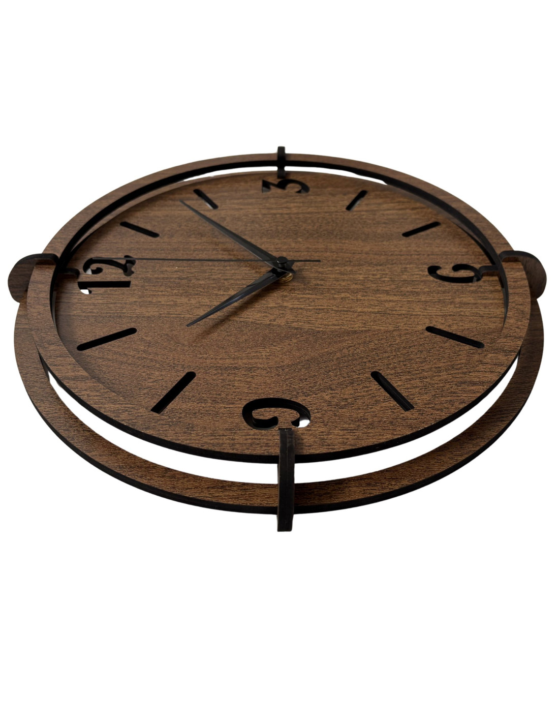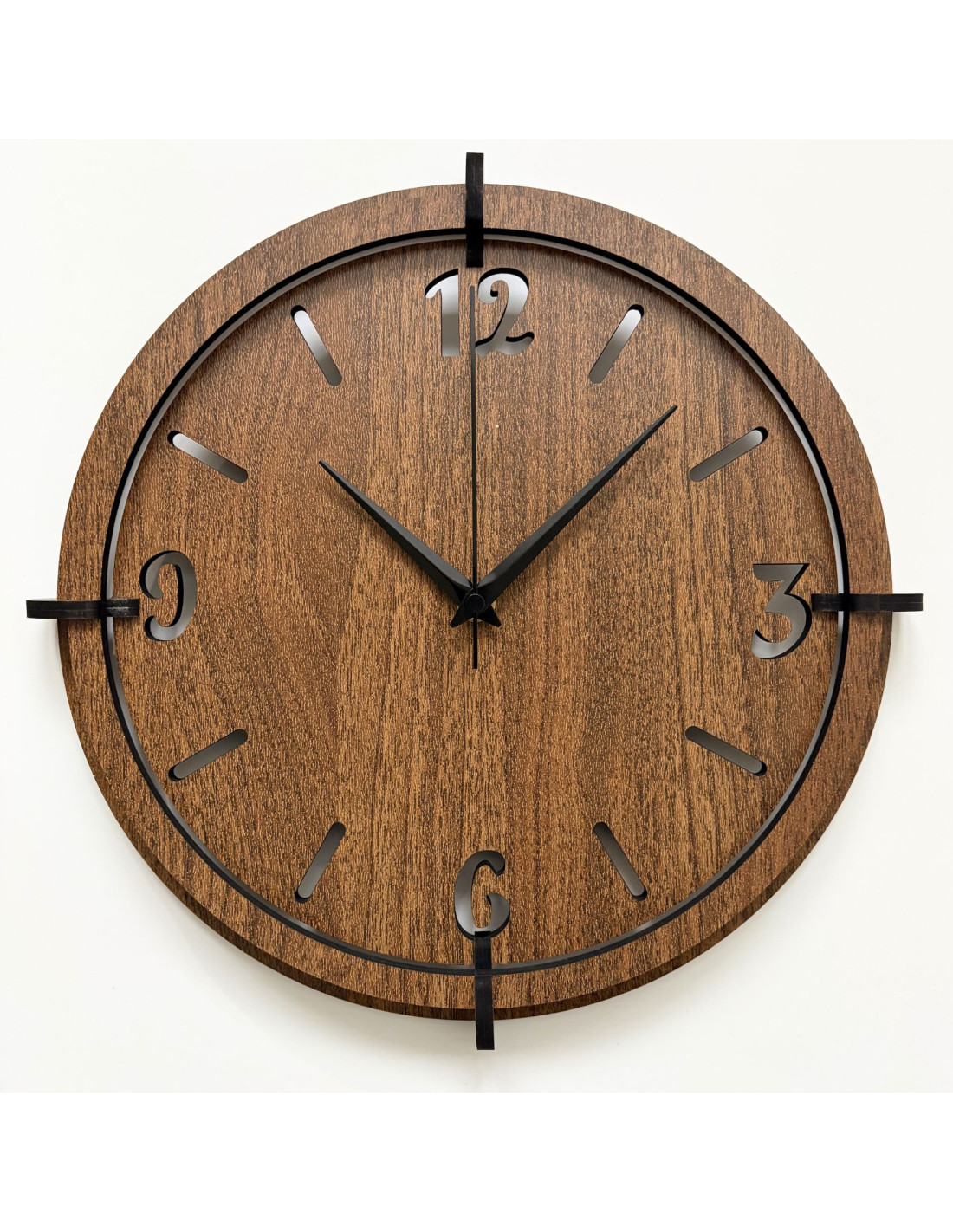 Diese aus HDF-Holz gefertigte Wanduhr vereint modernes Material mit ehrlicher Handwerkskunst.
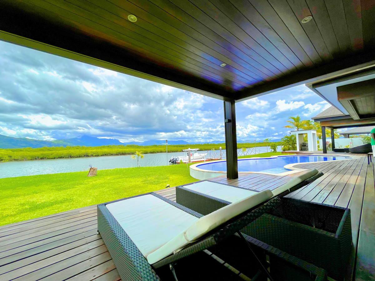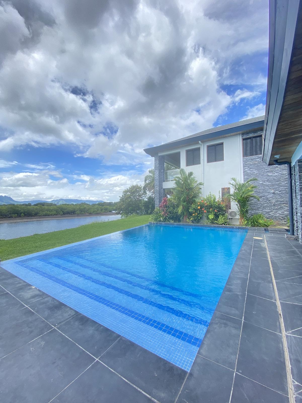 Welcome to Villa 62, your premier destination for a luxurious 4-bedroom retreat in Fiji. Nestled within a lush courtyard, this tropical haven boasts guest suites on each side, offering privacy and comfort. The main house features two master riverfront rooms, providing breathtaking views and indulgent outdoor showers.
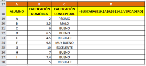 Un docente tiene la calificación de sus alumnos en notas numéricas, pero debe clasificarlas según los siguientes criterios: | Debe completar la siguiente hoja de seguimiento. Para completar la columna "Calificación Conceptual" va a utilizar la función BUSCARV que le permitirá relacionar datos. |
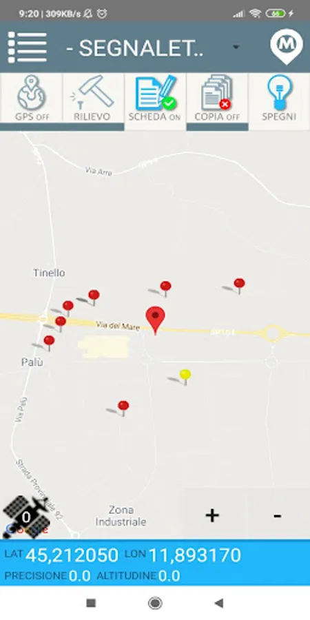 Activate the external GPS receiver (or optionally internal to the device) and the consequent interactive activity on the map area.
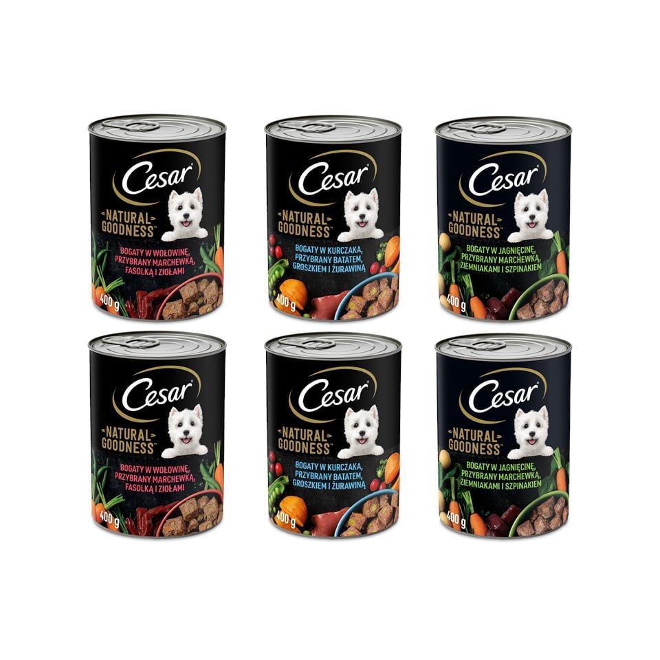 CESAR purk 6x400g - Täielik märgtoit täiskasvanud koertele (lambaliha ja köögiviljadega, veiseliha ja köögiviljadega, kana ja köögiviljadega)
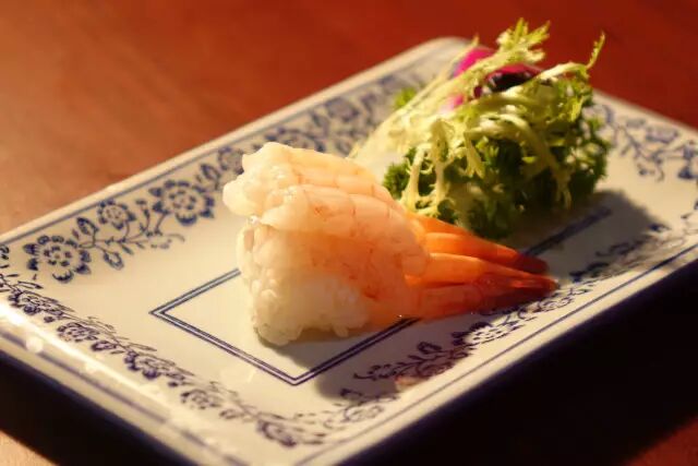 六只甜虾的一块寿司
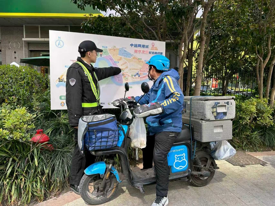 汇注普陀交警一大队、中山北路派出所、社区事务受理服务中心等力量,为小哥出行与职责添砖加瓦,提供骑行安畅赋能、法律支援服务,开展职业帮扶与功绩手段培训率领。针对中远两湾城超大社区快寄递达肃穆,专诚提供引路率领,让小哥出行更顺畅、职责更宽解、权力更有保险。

---

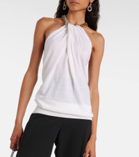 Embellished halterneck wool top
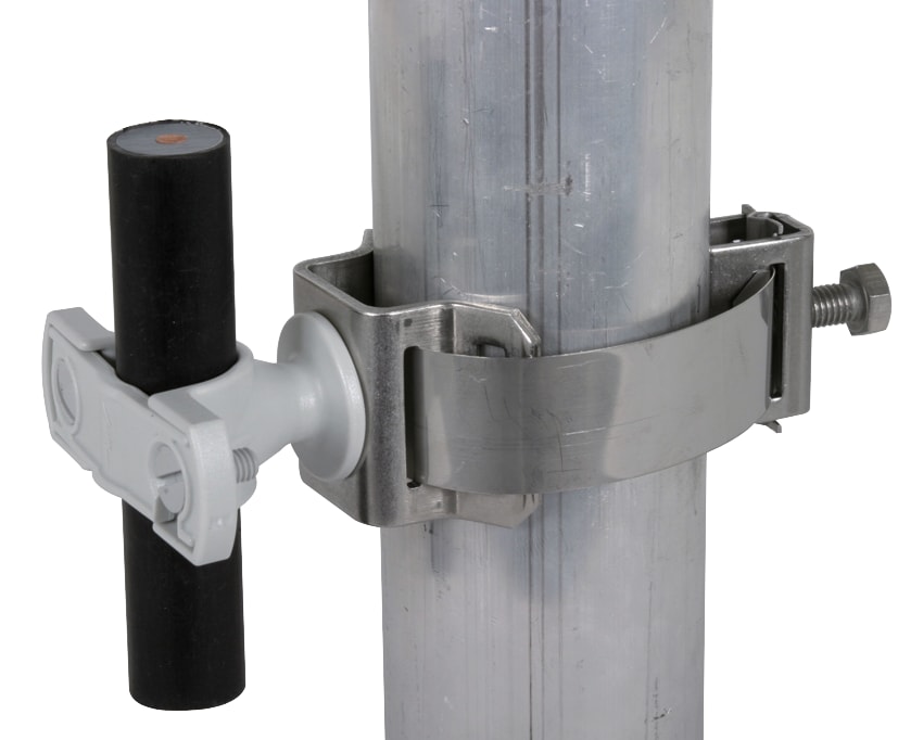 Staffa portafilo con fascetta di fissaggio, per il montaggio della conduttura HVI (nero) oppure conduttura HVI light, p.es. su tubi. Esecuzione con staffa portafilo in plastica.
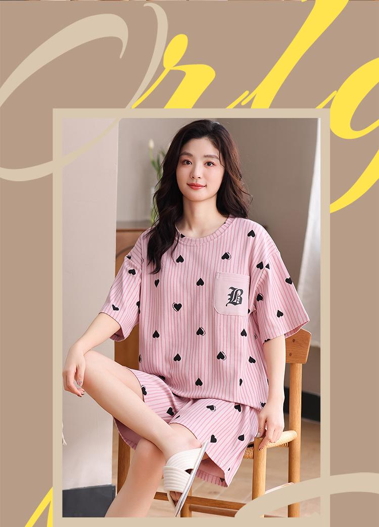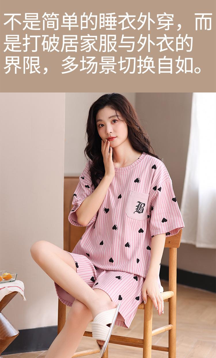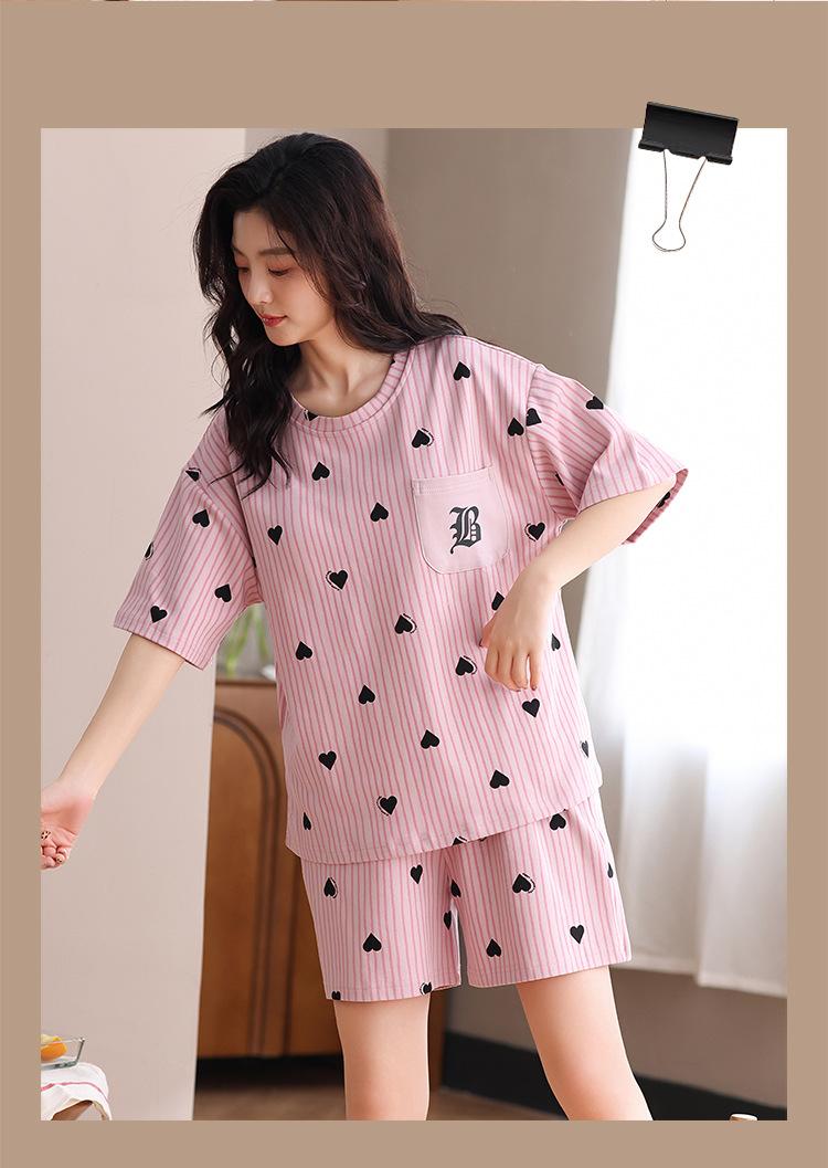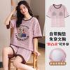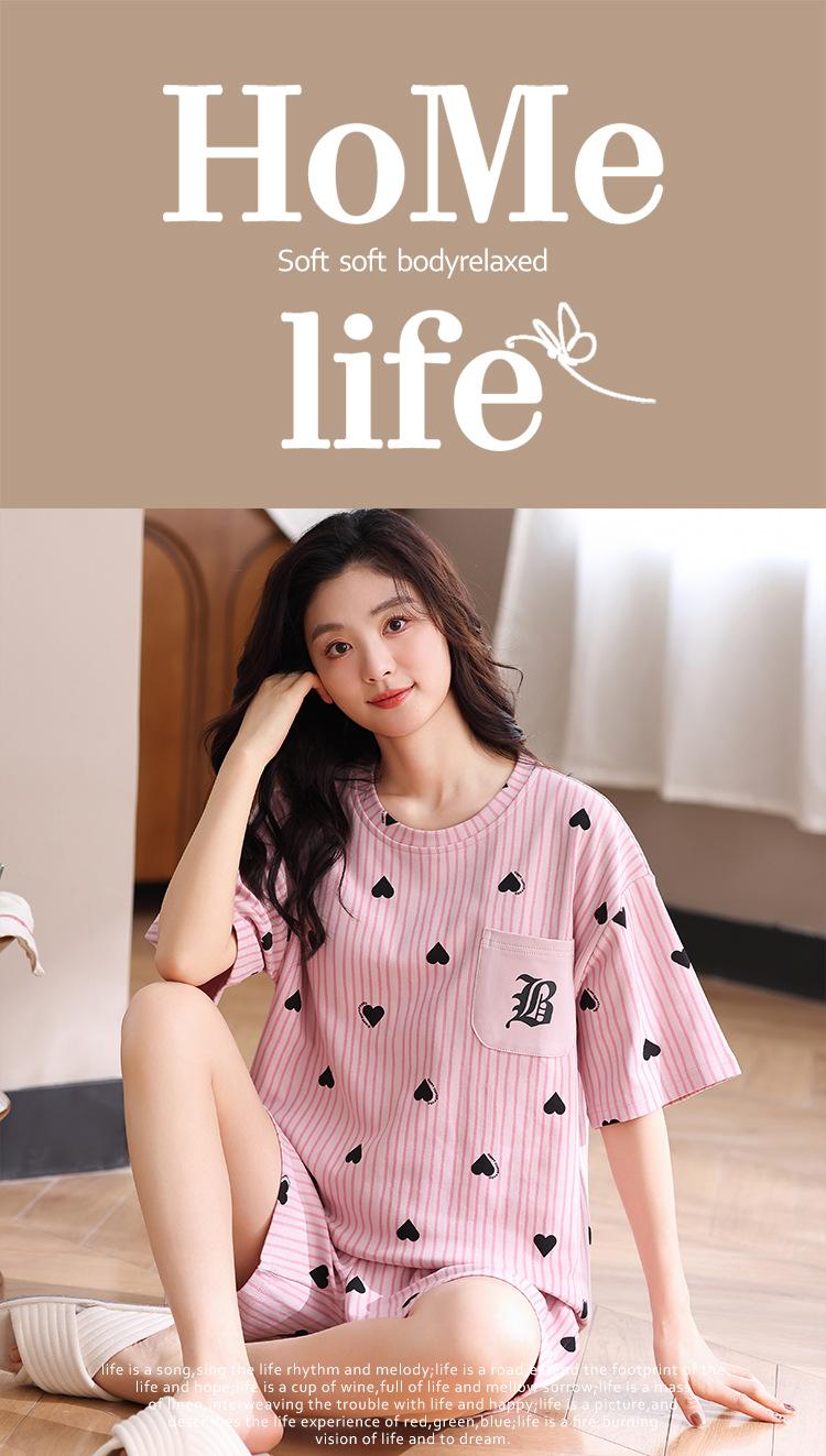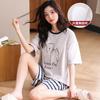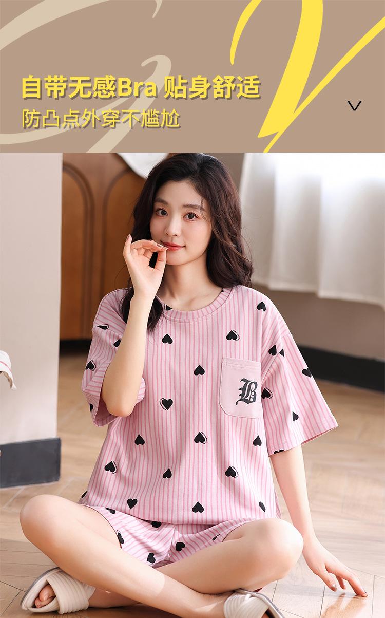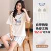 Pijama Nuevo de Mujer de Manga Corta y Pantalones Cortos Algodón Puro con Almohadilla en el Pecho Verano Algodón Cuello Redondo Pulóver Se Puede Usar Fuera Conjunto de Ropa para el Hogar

◆ **REQUIREMENT**
In the listing above, find the line with "Diese aus HDF-Holz" and the line with "汇注普陀交警一大队、中山北路". Transcribe those two and everything between, exactly, leaving out pictures.

◆ **EXERCISE RESULT**
 Diese aus HDF-Holz gefertigte Wanduhr vereint modernes Material mit ehrlicher Handwerkskunst.
 Welcome to Villa 62, your premier destination for a luxurious 4-bedroom retreat in Fiji. Nestled within a lush courtyard, this tropical haven boasts guest suites on each side, offering privacy and comfort. The main house features two master riverfront rooms, providing breathtaking views and indulgent outdoor showers.
 Un docente tiene la calificación de sus alumnos en notas numéricas, pero debe clasificarlas según los siguientes criterios: | Debe completar la siguiente hoja de seguimiento. Para completar la columna "Calificación Conceptual" va a utilizar la función BUSCARV que le permitirá relacionar datos. |
 Activate the external GPS receiver (or optionally internal to the device) and the consequent interactive activity on the map area.
 CESAR purk 6x400g - Täielik märgtoit täiskasvanud koertele (lambaliha ja köögiviljadega, veiseliha ja köögiviljadega, kana ja köögiviljadega)
 六只甜虾的一块寿司
 汇注普陀交警一大队、中山北路派出所、社区事务受理服务中心等力量,为小哥出行与职责添砖加瓦,提供骑行安畅赋能、法律支援服务,开展职业帮扶与功绩手段培训率领。针对中远两湾城超大社区快寄递达肃穆,专诚提供引路率领,让小哥出行更顺畅、职责更宽解、权力更有保险。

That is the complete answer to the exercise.